I remember classmates in school bitching and moaning about the historical class work, like using arrowroot, tapioca and rice as thickeners and panades.  Complaints of "why are they wasting our time on things we will never use?" were pretty common.  I wonder how many of these guys have found themselves suddenly looking for a gluten free mod, or even in a "molecular" place where these "archaic" ingredients are pretty standard pantry items.

In other words, you never know you need something until you need it.


----------



## chef jr (Jun 4, 2015)

Here's a followup to my question with a clarification: Many chefs today make what they call a demi but is actually a Fond lie or Jus lie, a brown sauce made by reduction and thickened with a refined starch (arrowroot, potato starch). Are the days of making a roux-based Espagnole and then refining that to a dem-glace over? I don't know of any modern kitchens that do that today.


----------



## allanmcpherson (Apr 5, 2007)

I suspect that is more than a fair statement.  And, honestly, that is what I would show staff in my kitchen to do. However, in a school environment, I would certainly teach the historical ways and means to give students that sense of "from there to here" and they way food standards change.


----------



## ed buchanan (May 29, 2006)

Cheflayne..

      I have found myself in the same scenario. Working free lance for many caterers oer the years I was also asked to ""fix their errors" My classical culinary background came in quite handy on many occasions. How many people today even know what a Consomme Cellestine or Royal , Crabmeat Dewey,  Chicken Jennettes Chaud Froid, or a  Gallantine  are??? . Knowing how to make Espanole or Demi or Glace D" Viand , will to students only add to their culinaryknowledge even though possibly made once or twice in their careers, at least they know.


----------



## cheflayne (Aug 21, 2004)

Chef JR said:


> Are the days of making a roux-based Espagnole and then refining that to a dem-glace over?


Yes, although my experience with restaurants is glace de viande rather than fond lie or jus lie.


----------



## fablesable (Oct 11, 2014)

That is a very fair question to ask and quite relevant in today's kitchen applications.
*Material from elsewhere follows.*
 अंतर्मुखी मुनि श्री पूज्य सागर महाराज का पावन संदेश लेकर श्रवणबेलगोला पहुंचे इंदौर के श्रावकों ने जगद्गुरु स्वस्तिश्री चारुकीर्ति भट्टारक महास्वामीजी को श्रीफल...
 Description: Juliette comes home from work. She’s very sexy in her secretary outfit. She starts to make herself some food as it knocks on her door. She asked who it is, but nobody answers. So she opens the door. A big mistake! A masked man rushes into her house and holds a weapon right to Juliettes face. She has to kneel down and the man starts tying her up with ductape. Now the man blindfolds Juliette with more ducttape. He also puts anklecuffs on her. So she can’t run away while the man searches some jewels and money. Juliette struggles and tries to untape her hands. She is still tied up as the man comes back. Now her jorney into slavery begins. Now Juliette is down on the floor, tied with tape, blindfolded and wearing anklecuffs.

However, I agree with most chef's on here as I was classically trained with the mother sauces which has always given me a huge advantage over most chefs in today's kitchen. When I was starting out after culinary school, making the sauces was my job in the kitchen at a local 5-star hotel........of course this was a while ago.

Before changing careers to a pastry chef, I taught my kitchen staff the difference in flavour, consistency and technique between the more modern version of a demi and the espagnole to demi version so that they can know for themselves personally and not be told the difference. I believe it is crucial to learn the basics like these foundational mother sauces even if you think it will never be used again. One never knows in this industry when the "old" way will suddenly be the "new" way.

So my answer to your question of: Are the days of making a roux-based Espagnole and then refining that to a dem-glace over? *POSSIBLY*


----------



## rickychips (Jan 21, 2017)

I thought I would resurrect this old thread because I love to make espagnole sauce as a base for meat sauces, as old fashioned as that may sound!

I do have a question though which someone from this thread might be able to answer.

When making a classic demi-glace by adding stock to espagnole, what's to stop you making the espagnole with twice the stock in the first place and therefore effectively cutting out a step?

I've been making gravy like this for years - Mirepoix and bacon made into a brown roux and cooked with oxtail stock and a small amount of tomato paste, with meat juices from a de-glazed pan added at the end.

What exactly am I making here? /img/vbsmilies/smilies/lol.gif


----------



## frankie007 (Jan 17, 2015)

There is no roux in these sauces, that would be too easy. Reduction, reduction, reduction. This is why these sauces are a bit outdated, they are expensive, and very time consuming. Thickening would come from pigs trotters and calf's feet. You always have to have a huge stock pot on and (at least in UK) you can't leave it on the stove overnight on pilot light as we used to because of safety issues. I had some proper red wine sauce the other day though and let me tell you it was delicious! I don't know many places that do it nowadays.....


----------